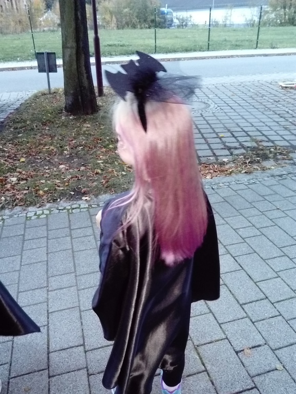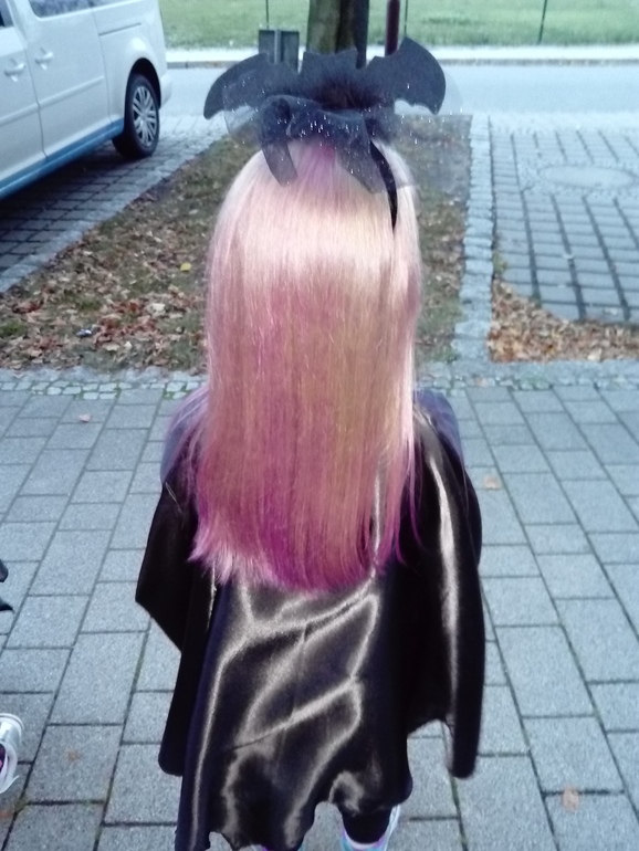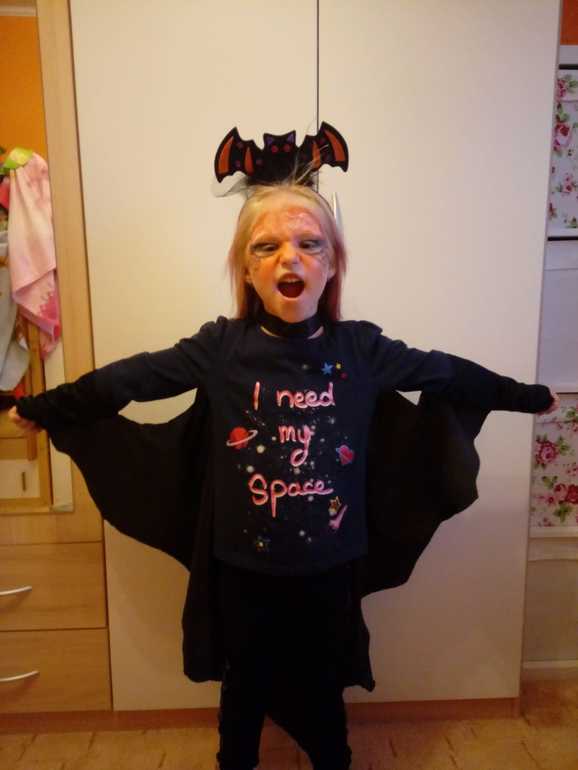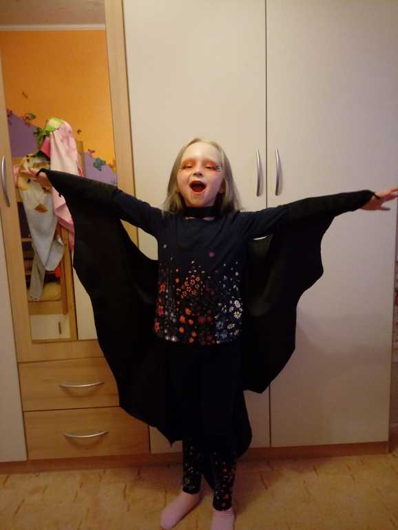 И так я заранее запаслась для Мириам смывающейся краской, а для Мелиссы чёрным окрашивающим лаком для волос. Прикупила и крылья летучей мыши. У них в этом году культ летучих мышей))
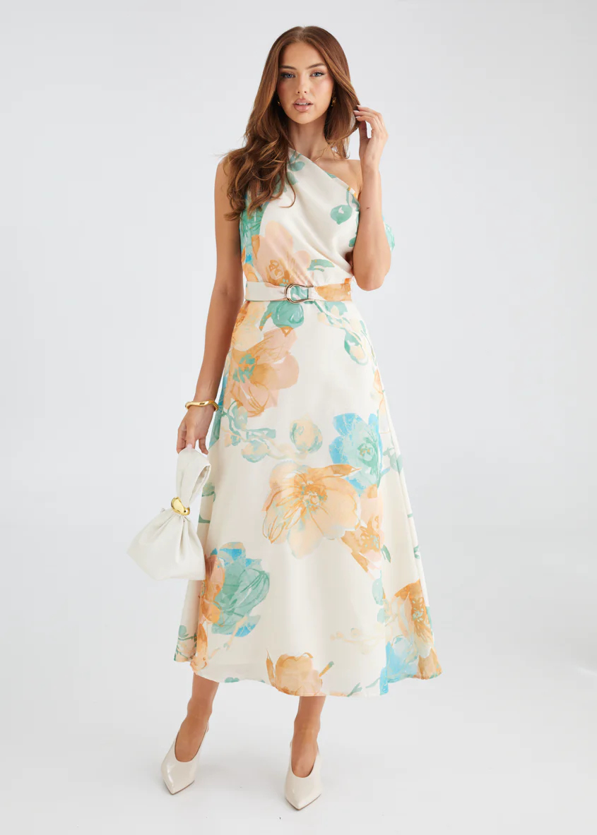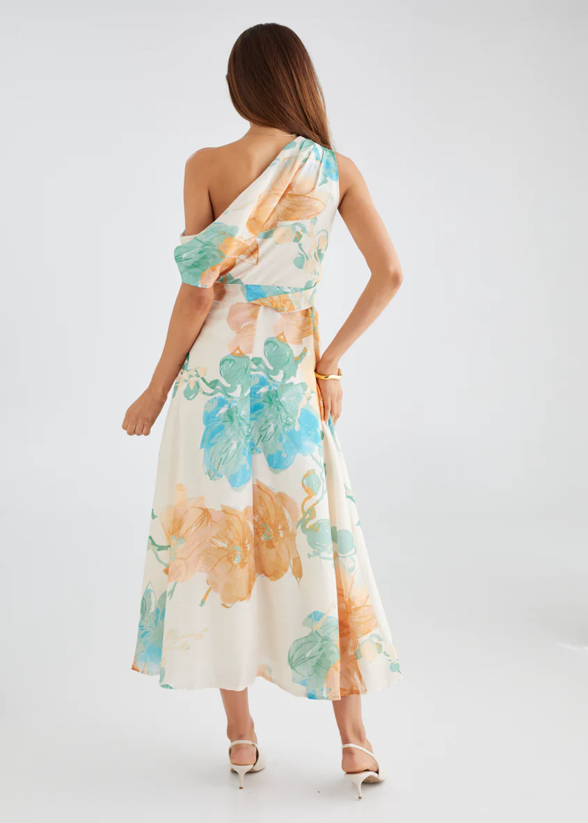 Jacqui Drop Shoulder Midi Dress - Tangerine Floral
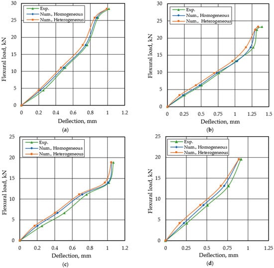 | Mix No. | Experimental [37,38] | Numerical (Homogeneous Models) | Numerical (Heterogeneous Models) | |||
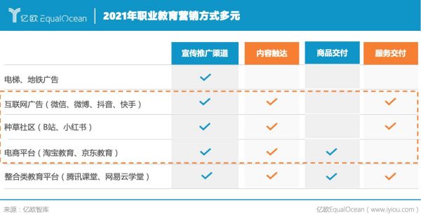 以就業(yè)為導向的人才適應性提升 職業(yè)教育作為以就業(yè)為導向的教育方式,其適應性不僅只體現在人才培養(yǎng)上,還在于人才的管理和服務。 在人才培養(yǎng)的學歷階段,職業(yè)院校是主要的培養(yǎng)方,2021年10月中共中央辦公廳、國務院辦公廳印發(fā)《關于推動現代職業(yè)教育高質量發(fā)展的意見》就加快構建現代職業(yè)教育體系做出進一步的部署。人才適應能力的提升一方面來自于職業(yè)教育體系和普通教育體系的橫向融通和縱向貫通,打通升學渠道,另一方面則是面向市場,以企業(yè)崗位需求為目標,通過綜合的育人機制,改善職業(yè)教育學歷階段的人才供給結構。 企業(yè)則是通過校企合作和自主培養(yǎng),輸出資金、技術、實踐案例,吸納專業(yè)人才,強化品牌認知。 隨著靈活用工方式的出現從人員招聘、用工管理到員工技能培訓、權益保障都有對應的服務提供,人與崗位,人才與企業(yè)之間匹配的靈活性增加、時效性增強,帶來了人才服務效率的整體提升。 在線化職業(yè)教育服務交付 在線化服務交付,顧名思義,教育的在線化是社會經濟高質量飛躍、互聯網等技術成熟發(fā)展的必然結果,在不斷提高的互聯網普及率和新冠疫情的沖擊下,職業(yè)教育的全面在線化為行業(yè)升級的新成果。而招生營銷和教學形式的全面升級是職業(yè)教育在線化后表現最為突出的兩方面。
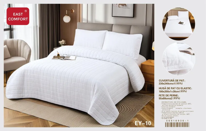 Cuverturile pentru pat sunt utilizate pentru decorarea dormitorului dumneavoastra si in acelasi timp de a proteja lenjeria pentru pat de impuritati. Confectionate din bumbac 80% si satin 20%, cuverturile pentru pat sunt decorate cu imprimeuri sofisticate realizate cu masinarii de ultima generatie pentru a oferi o rezistenta sporita in timp. Cuverturile sunt ideale pentru toate anotimpurile. Materialele folosite sunt de calitate buna, produsul putând fi folosit un timp foarte îndelungat. Gama de modele este larga incepand de la modele clasice pana la cele mai moderne designuri, în diferite culori, clare si luminoase.Cuverturile de pat contureaza perfect un decor remarcabil in orice dormitor.Pachetul contine:
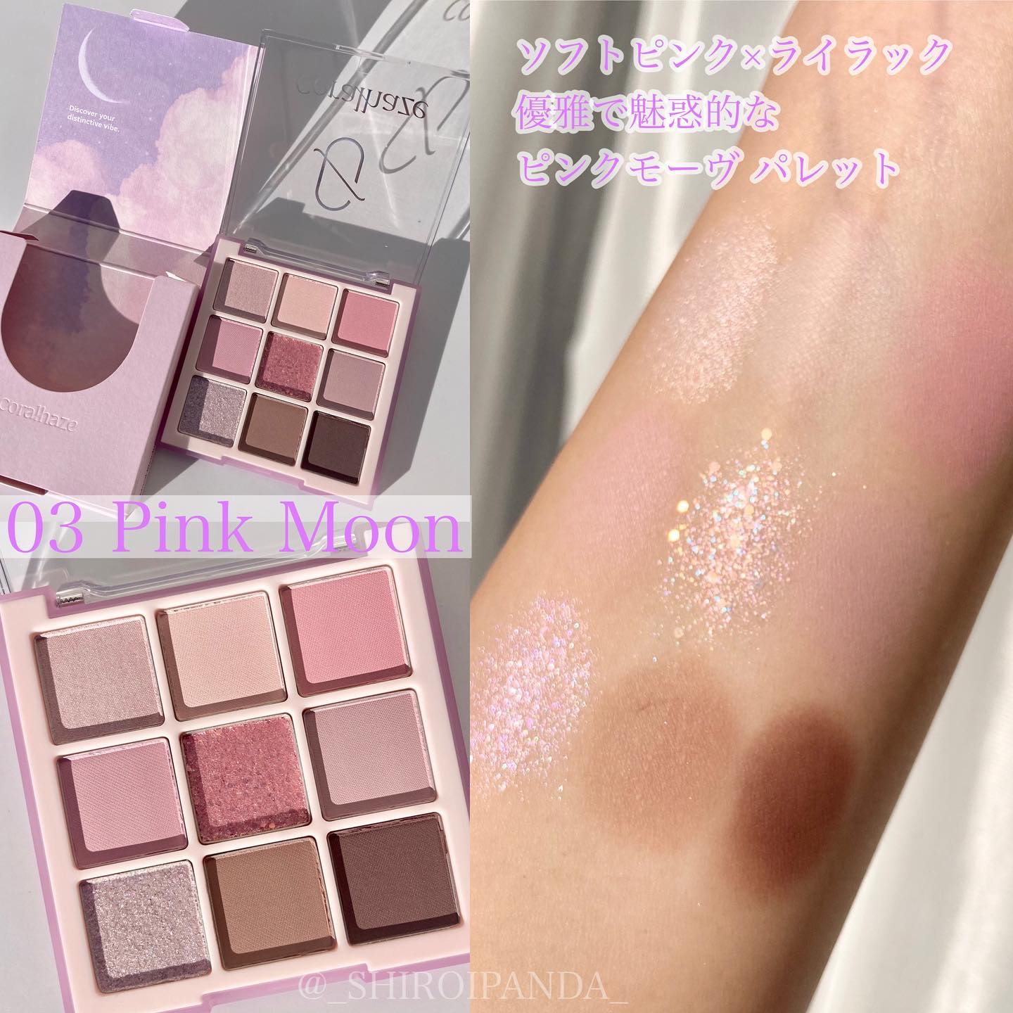 \ミルクピンクで大人可愛メイク/【Coralhazeムードブレンディングシャドウパレット】☑️03ピンクムーン青みピンク・ライラックを中心にキラキララメ映えするようなモーブカラー。パレットのテーマが『一つで完成する私だけのムード』・1つ...
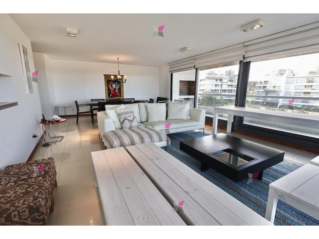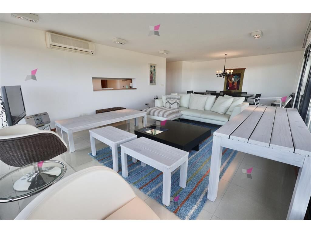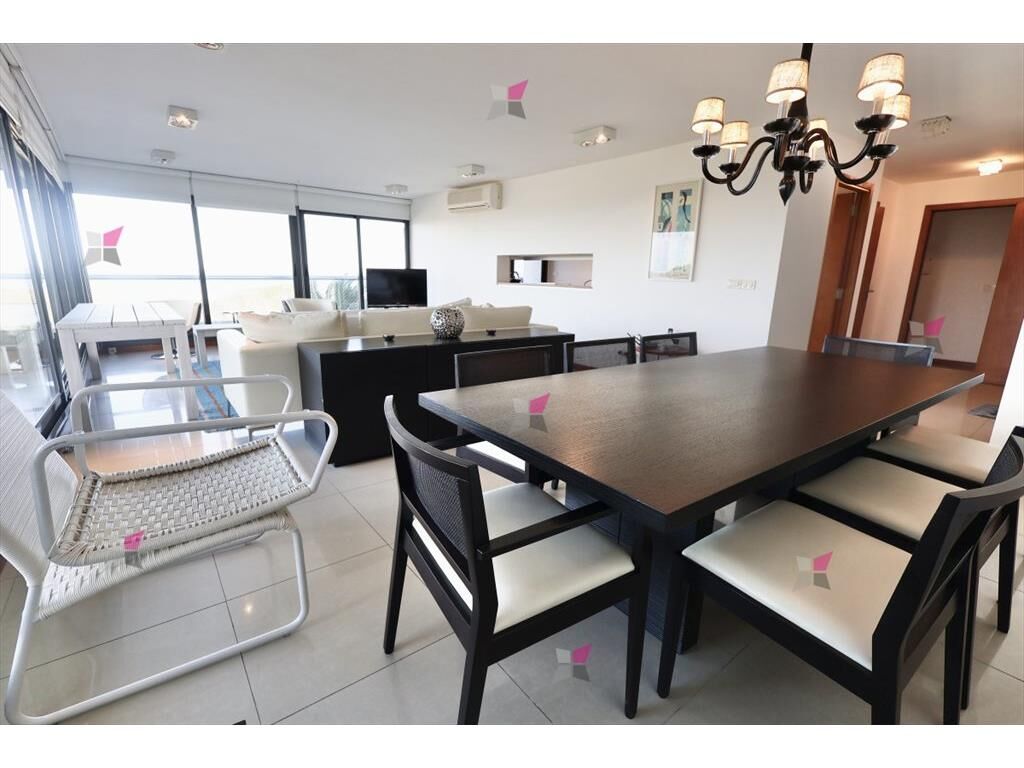 El apartamento cuenta con una planta cómoda y funcional de 142 m interiores más un generoso balcón con parrillero propio, ideal para disfrutar del aire libre con vista al mar. El amplio living-comedor se integra perfectamente con el balcón, creando un espacio luminoso y acogedor.
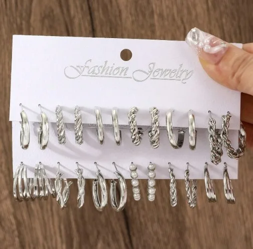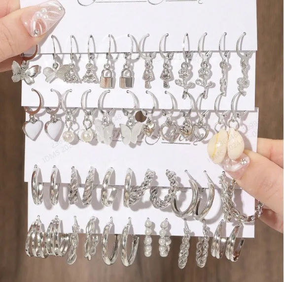 European and American metal earrings 24-piece set, fashionable and simple versatile alloy love pearl snake butterfly mushroom lo
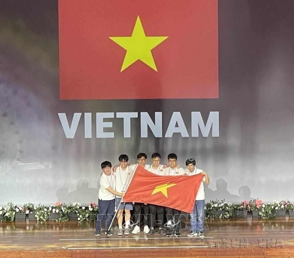 Giáo dục tiếp tục đổi mới căn bản, toàn diện, góp phần thực hiện thắng lợi mục tiêu phát triển đất nước trong giai đoạn mới. Trong ảnh: 6/6 học sinh Việt Nam đều đoạt giải: 02 HCV, 02 HCB, 02 HCĐ tại cuộc thi Olympic Toán học quốc tế năm 2022 (IMO 2022) tổ chức tại Nauy. Với thành tích này, đội tuyển Olympic Toán học quốc tế Việt Nam xếp thứ 4/104 quốc gia và vùng lãnh thổ tham gia sau Trung Quốc, Hàn Quốc và Mỹ. Ảnh: TTXVN phát
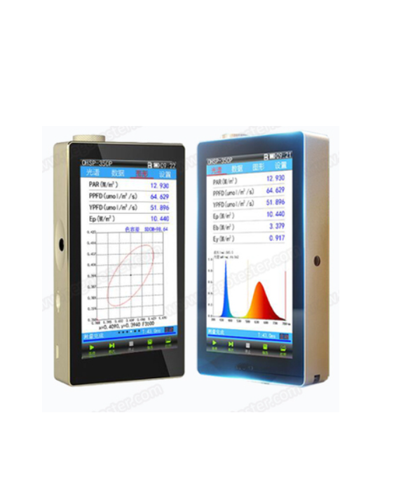 OHSP350P Plant light analyzer is a protable equipment to test PAR (Photosynthetically active radiation), PPFD (Photosynthetic photon flux density), YPFD (Effective photosynthetic photon flux density), Eb (Blue-violet irradiance), Ey (Yellow-green irradiance), Er (Red-orange irradiance), Rrb ratio (Red and blue irradiance ratio), CT (color temperature), lx (illuminance), CRI (color rendering index), chromaticity coordinates and etc. for Plant growth lamp. The plant light analyzer is widely applied to on-site monitoring of light radiation of plant growth lamp manufacturers, plant soilless cultivation and greenhouses.
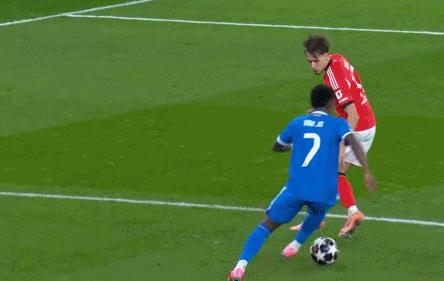 維尼修斯的高興勁沒持續太久。他在角球區附近的誇張慶祝引發了本菲卡方面的不滿。很快,巴西人走到裁判身邊申明立場,裁判做出暫停比賽的手勢。原來,維尼修斯聽到本菲卡的阿根廷中場普雷斯蒂亞尼對他說了“猴子”這個種族歧視字眼,要求啓動“反種族主義程序”。比賽中斷這10分鐘時間,包括雙方教練在內的很多人都試圖安撫維尼修斯。然而開弓沒有回頭箭,程序一旦啓動就要當場給出說法。調取錄像發現,普雷斯蒂亞尼說話時拉起球衣遮住了嘴,沒有實錘證據。看看維尼修斯,在替補席喝了點水,情緒平復些,同意繼續比賽。

+ + + + + + +

Requirement
Hand back the records above exactly as they are, pictures excluded.

Result of the task
 И так я заранее запаслась для Мириам смывающейся краской, а для Мелиссы чёрным окрашивающим лаком для волос. Прикупила и крылья летучей мыши. У них в этом году культ летучих мышей))
 Jacqui Drop Shoulder Midi Dress - Tangerine Floral
 | Mix No. | Experimental [37,38] | Numerical (Homogeneous Models) | Numerical (Heterogeneous Models) | |||
 以就業(yè)為導向的人才適應性提升 職業(yè)教育作為以就業(yè)為導向的教育方式,其適應性不僅只體現在人才培養(yǎng)上,還在于人才的管理和服務。 在人才培養(yǎng)的學歷階段,職業(yè)院校是主要的培養(yǎng)方,2021年10月中共中央辦公廳、國務院辦公廳印發(fā)《關于推動現代職業(yè)教育高質量發(fā)展的意見》就加快構建現代職業(yè)教育體系做出進一步的部署。人才適應能力的提升一方面來自于職業(yè)教育體系和普通教育體系的橫向融通和縱向貫通,打通升學渠道,另一方面則是面向市場,以企業(yè)崗位需求為目標,通過綜合的育人機制,改善職業(yè)教育學歷階段的人才供給結構。 企業(yè)則是通過校企合作和自主培養(yǎng),輸出資金、技術、實踐案例,吸納專業(yè)人才,強化品牌認知。 隨著靈活用工方式的出現從人員招聘、用工管理到員工技能培訓、權益保障都有對應的服務提供,人與崗位,人才與企業(yè)之間匹配的靈活性增加、時效性增強,帶來了人才服務效率的整體提升。 在線化職業(yè)教育服務交付 在線化服務交付,顧名思義,教育的在線化是社會經濟高質量飛躍、互聯網等技術成熟發(fā)展的必然結果,在不斷提高的互聯網普及率和新冠疫情的沖擊下,職業(yè)教育的全面在線化為行業(yè)升級的新成果。而招生營銷和教學形式的全面升級是職業(yè)教育在線化后表現最為突出的兩方面。
 Cuverturile pentru pat sunt utilizate pentru decorarea dormitorului dumneavoastra si in acelasi timp de a proteja lenjeria pentru pat de impuritati. Confectionate din bumbac 80% si satin 20%, cuverturile pentru pat sunt decorate cu imprimeuri sofisticate realizate cu masinarii de ultima generatie pentru a oferi o rezistenta sporita in timp. Cuverturile sunt ideale pentru toate anotimpurile. Materialele folosite sunt de calitate buna, produsul putând fi folosit un timp foarte îndelungat. Gama de modele este larga incepand de la modele clasice pana la cele mai moderne designuri, în diferite culori, clare si luminoase.Cuverturile de pat contureaza perfect un decor remarcabil in orice dormitor.Pachetul contine:
 \ミルクピンクで大人可愛メイク/【Coralhazeムードブレンディングシャドウパレット】☑️03ピンクムーン青みピンク・ライラックを中心にキラキララメ映えするようなモーブカラー。パレットのテーマが『一つで完成する私だけのムード』・1つ...
 El apartamento cuenta con una planta cómoda y funcional de 142 m interiores más un generoso balcón con parrillero propio, ideal para disfrutar del aire libre con vista al mar. El amplio living-comedor se integra perfectamente con el balcón, creando un espacio luminoso y acogedor.
 European and American metal earrings 24-piece set, fashionable and simple versatile alloy love pearl snake butterfly mushroom lo
 Giáo dục tiếp tục đổi mới căn bản, toàn diện, góp phần thực hiện thắng lợi mục tiêu phát triển đất nước trong giai đoạn mới. Trong ảnh: 6/6 học sinh Việt Nam đều đoạt giải: 02 HCV, 02 HCB, 02 HCĐ tại cuộc thi Olympic Toán học quốc tế năm 2022 (IMO 2022) tổ chức tại Nauy. Với thành tích này, đội tuyển Olympic Toán học quốc tế Việt Nam xếp thứ 4/104 quốc gia và vùng lãnh thổ tham gia sau Trung Quốc, Hàn Quốc và Mỹ. Ảnh: TTXVN phát
 OHSP350P Plant light analyzer is a protable equipment to test PAR (Photosynthetically active radiation), PPFD (Photosynthetic photon flux density), YPFD (Effective photosynthetic photon flux density), Eb (Blue-violet irradiance), Ey (Yellow-green irradiance), Er (Red-orange irradiance), Rrb ratio (Red and blue irradiance ratio), CT (color temperature), lx (illuminance), CRI (color rendering index), chromaticity coordinates and etc. for Plant growth lamp. The plant light analyzer is widely applied to on-site monitoring of light radiation of plant growth lamp manufacturers, plant soilless cultivation and greenhouses.
 維尼修斯的高興勁沒持續太久。他在角球區附近的誇張慶祝引發了本菲卡方面的不滿。很快,巴西人走到裁判身邊申明立場,裁判做出暫停比賽的手勢。原來,維尼修斯聽到本菲卡的阿根廷中場普雷斯蒂亞尼對他說了“猴子”這個種族歧視字眼,要求啓動“反種族主義程序”。比賽中斷這10分鐘時間,包括雙方教練在內的很多人都試圖安撫維尼修斯。然而開弓沒有回頭箭,程序一旦啓動就要當場給出說法。調取錄像發現,普雷斯蒂亞尼說話時拉起球衣遮住了嘴,沒有實錘證據。看看維尼修斯,在替補席喝了點水,情緒平復些,同意繼續比賽。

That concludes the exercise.